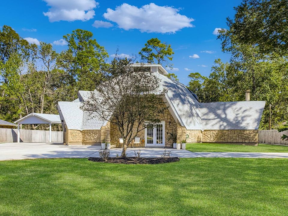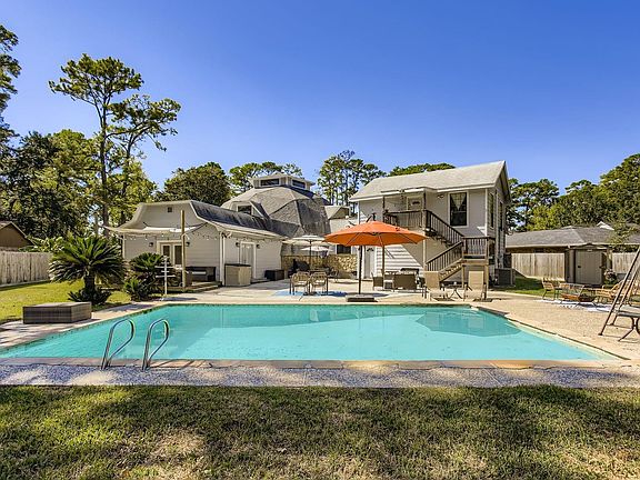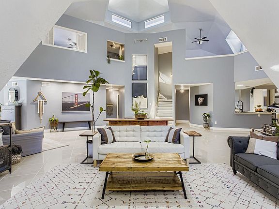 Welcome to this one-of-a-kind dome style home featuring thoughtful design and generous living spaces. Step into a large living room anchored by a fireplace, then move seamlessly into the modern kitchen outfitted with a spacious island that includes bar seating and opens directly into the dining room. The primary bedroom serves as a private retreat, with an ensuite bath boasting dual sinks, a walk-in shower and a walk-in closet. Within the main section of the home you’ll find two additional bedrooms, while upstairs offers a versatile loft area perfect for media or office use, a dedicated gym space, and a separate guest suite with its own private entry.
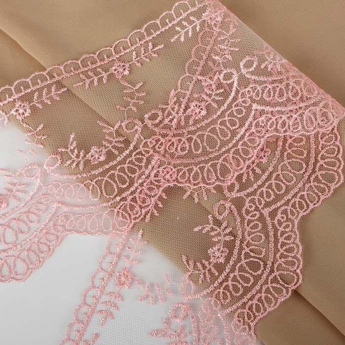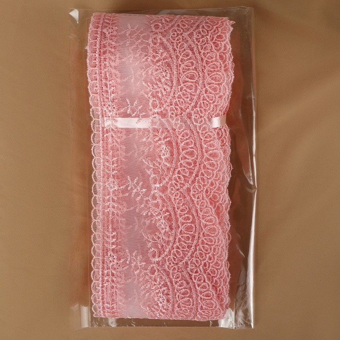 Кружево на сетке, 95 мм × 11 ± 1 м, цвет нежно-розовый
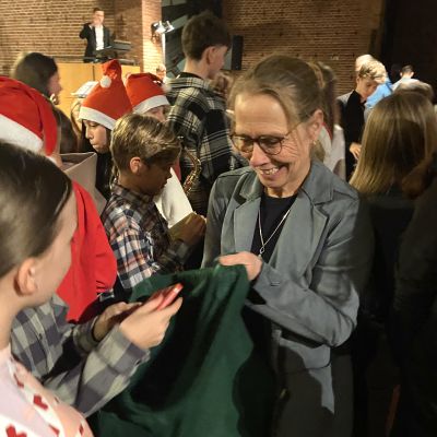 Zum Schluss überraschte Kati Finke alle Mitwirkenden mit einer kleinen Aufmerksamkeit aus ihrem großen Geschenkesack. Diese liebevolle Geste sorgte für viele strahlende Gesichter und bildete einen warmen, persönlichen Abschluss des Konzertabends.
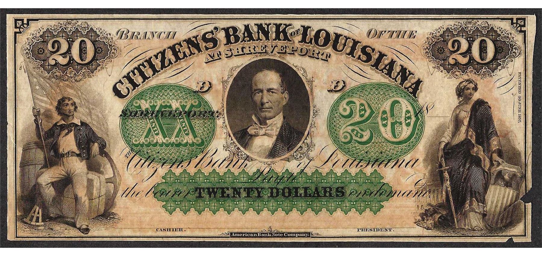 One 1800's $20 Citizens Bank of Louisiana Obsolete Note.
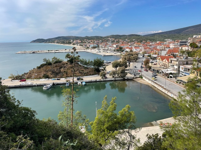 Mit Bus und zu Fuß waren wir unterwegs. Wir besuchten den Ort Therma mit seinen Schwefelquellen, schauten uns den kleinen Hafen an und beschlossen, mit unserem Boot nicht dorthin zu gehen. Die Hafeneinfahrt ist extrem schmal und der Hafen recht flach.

==

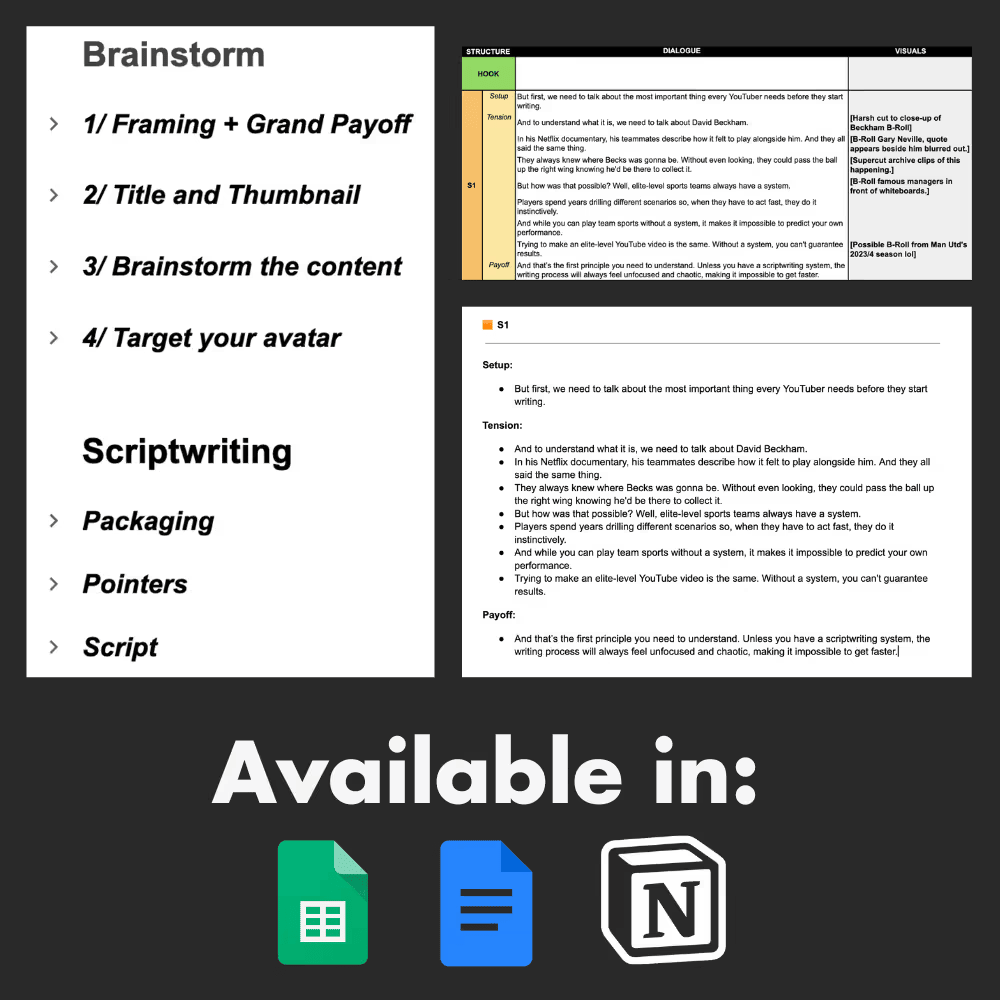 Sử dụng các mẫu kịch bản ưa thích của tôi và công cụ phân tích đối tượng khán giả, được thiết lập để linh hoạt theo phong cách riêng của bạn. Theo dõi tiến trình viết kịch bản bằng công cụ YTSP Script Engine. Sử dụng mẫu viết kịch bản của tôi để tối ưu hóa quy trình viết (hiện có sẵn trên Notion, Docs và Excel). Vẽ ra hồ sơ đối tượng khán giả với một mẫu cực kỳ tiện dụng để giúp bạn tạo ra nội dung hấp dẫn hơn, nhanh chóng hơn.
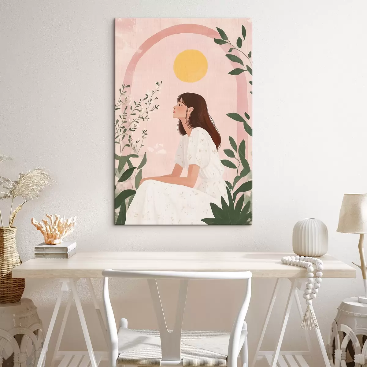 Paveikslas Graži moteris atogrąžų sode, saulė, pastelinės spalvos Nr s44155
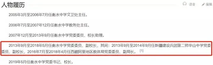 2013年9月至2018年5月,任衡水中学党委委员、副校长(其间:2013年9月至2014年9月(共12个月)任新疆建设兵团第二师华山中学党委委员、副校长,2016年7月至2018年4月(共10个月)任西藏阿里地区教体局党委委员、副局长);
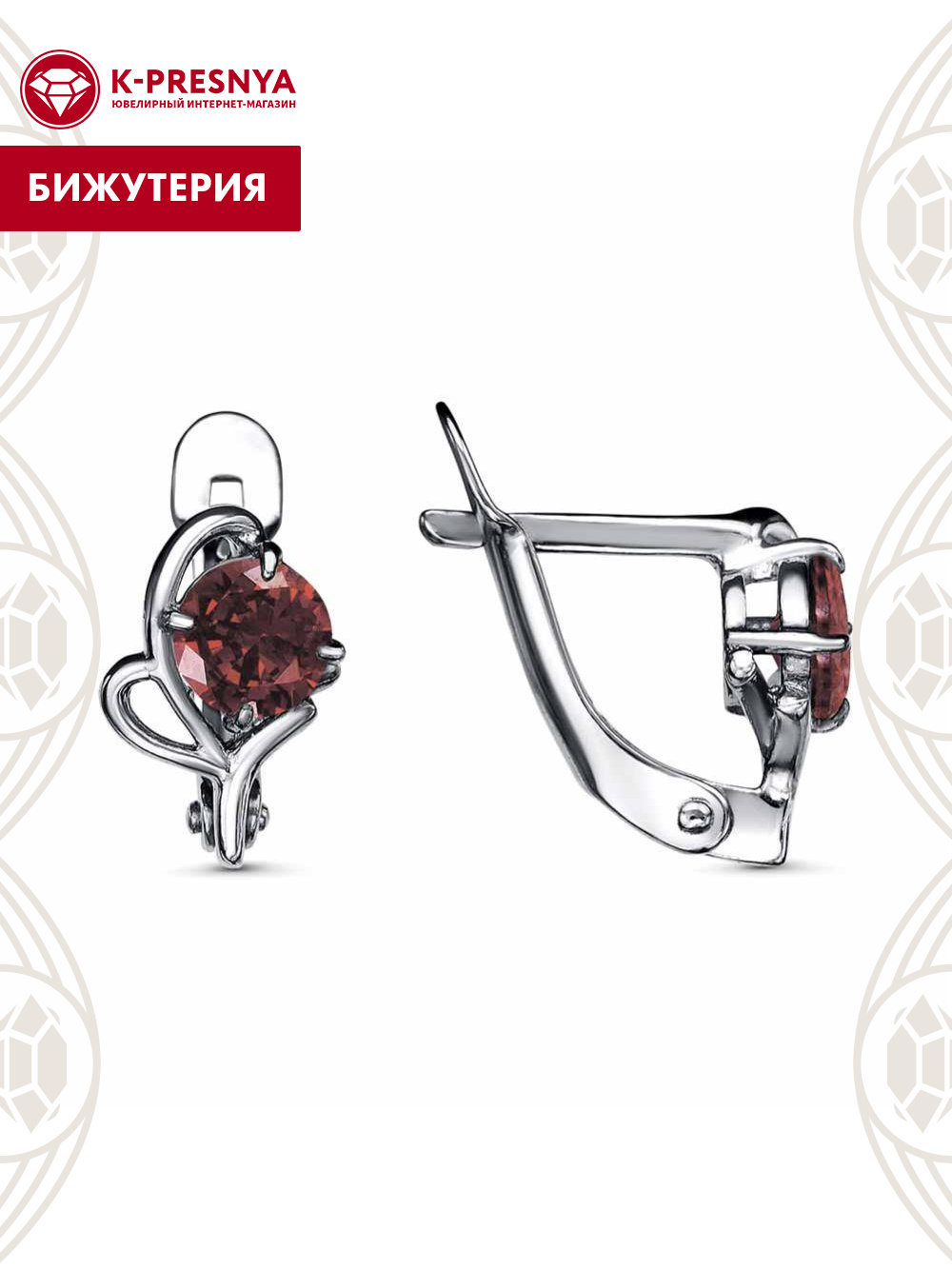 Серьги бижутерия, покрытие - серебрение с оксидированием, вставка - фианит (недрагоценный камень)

---

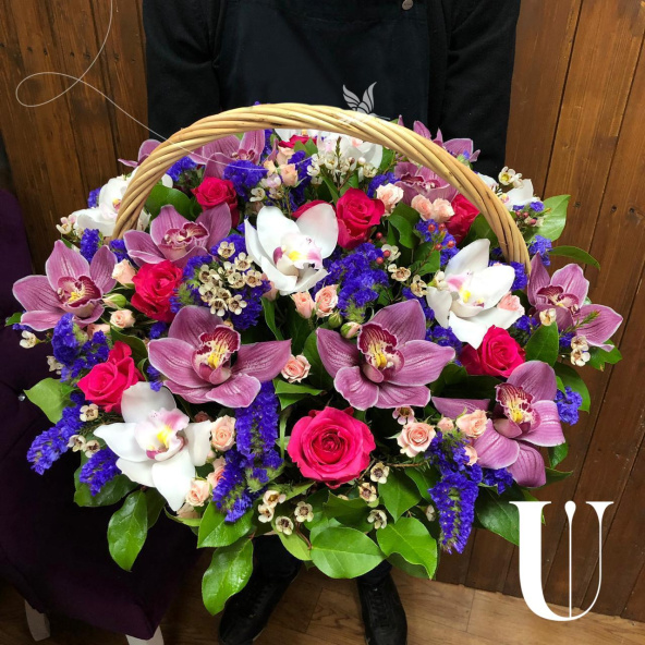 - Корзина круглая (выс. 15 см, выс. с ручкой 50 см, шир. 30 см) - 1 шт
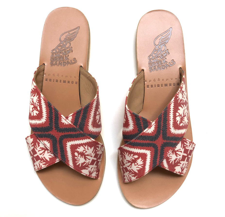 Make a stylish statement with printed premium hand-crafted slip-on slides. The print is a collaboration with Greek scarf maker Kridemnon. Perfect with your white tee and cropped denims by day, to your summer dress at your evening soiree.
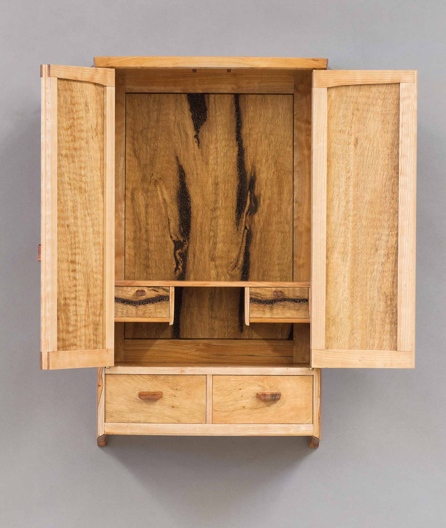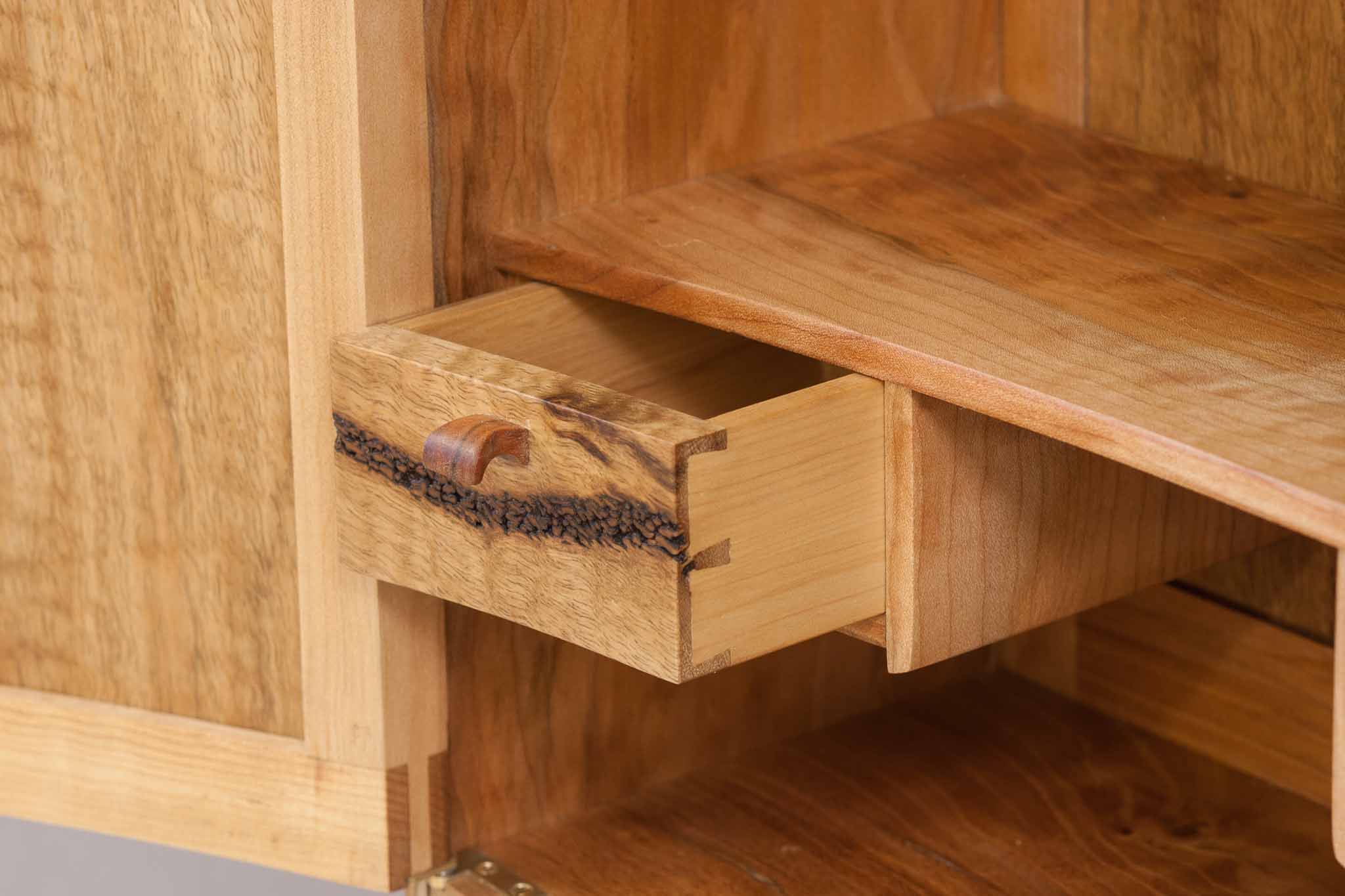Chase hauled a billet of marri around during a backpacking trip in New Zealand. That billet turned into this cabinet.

> [Exercise directions]
Return exactly the lines of the material above, starting at the line containing "Welcome to this" and finishing at the line containing "Mit Bus und", without any pictures.

> [Output for this exercise]
 Welcome to this one-of-a-kind dome style home featuring thoughtful design and generous living spaces. Step into a large living room anchored by a fireplace, then move seamlessly into the modern kitchen outfitted with a spacious island that includes bar seating and opens directly into the dining room. The primary bedroom serves as a private retreat, with an ensuite bath boasting dual sinks, a walk-in shower and a walk-in closet. Within the main section of the home you’ll find two additional bedrooms, while upstairs offers a versatile loft area perfect for media or office use, a dedicated gym space, and a separate guest suite with its own private entry.
 Кружево на сетке, 95 мм × 11 ± 1 м, цвет нежно-розовый
 Zum Schluss überraschte Kati Finke alle Mitwirkenden mit einer kleinen Aufmerksamkeit aus ihrem großen Geschenkesack. Diese liebevolle Geste sorgte für viele strahlende Gesichter und bildete einen warmen, persönlichen Abschluss des Konzertabends.
 One 1800's $20 Citizens Bank of Louisiana Obsolete Note.
 Mit Bus und zu Fuß waren wir unterwegs. Wir besuchten den Ort Therma mit seinen Schwefelquellen, schauten uns den kleinen Hafen an und beschlossen, mit unserem Boot nicht dorthin zu gehen. Die Hafeneinfahrt ist extrem schmal und der Hafen recht flach.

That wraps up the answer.